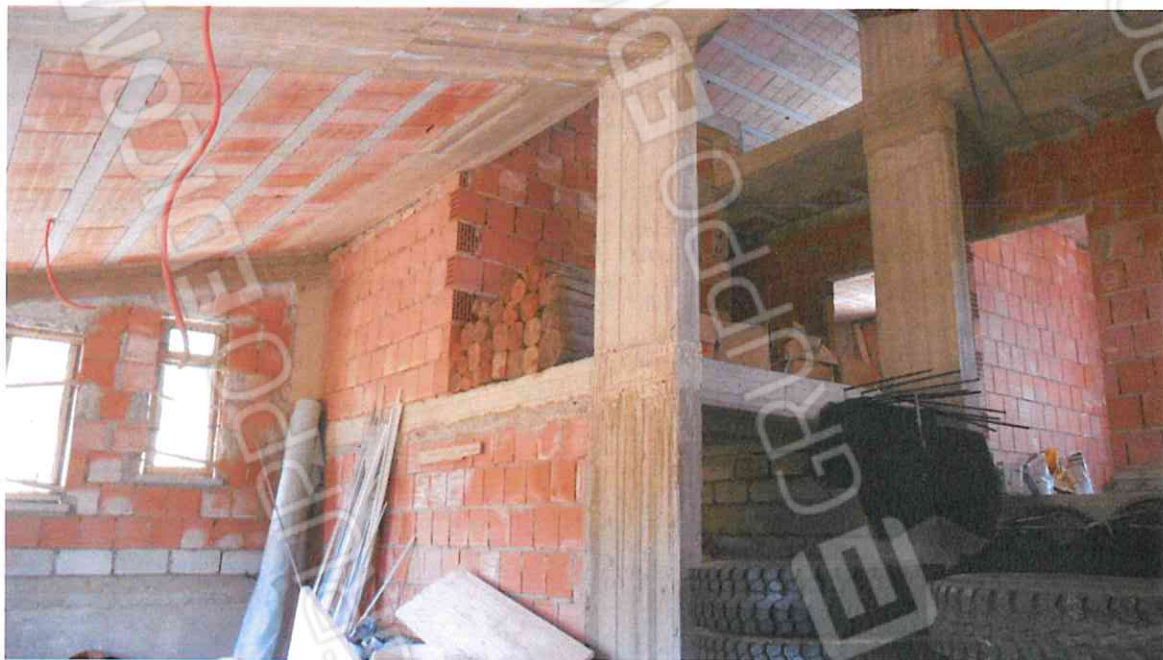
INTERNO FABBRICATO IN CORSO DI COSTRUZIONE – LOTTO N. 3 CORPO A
---
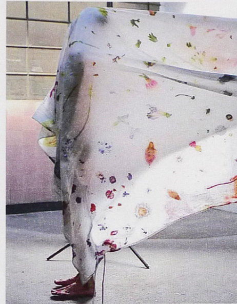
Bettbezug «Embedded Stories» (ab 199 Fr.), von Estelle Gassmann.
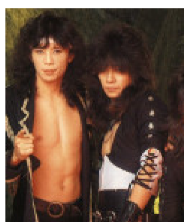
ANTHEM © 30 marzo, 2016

* [What you have to do] Return exactly the lines above, from the one with "von Estelle Gassmann." up to and including the one with "ANTHEM © 30 marzo, 2016", and include no pictures.

* [Result]
Bettbezug «Embedded Stories» (ab 199 Fr.), von Estelle Gassmann.
ANTHEM © 30 marzo, 2016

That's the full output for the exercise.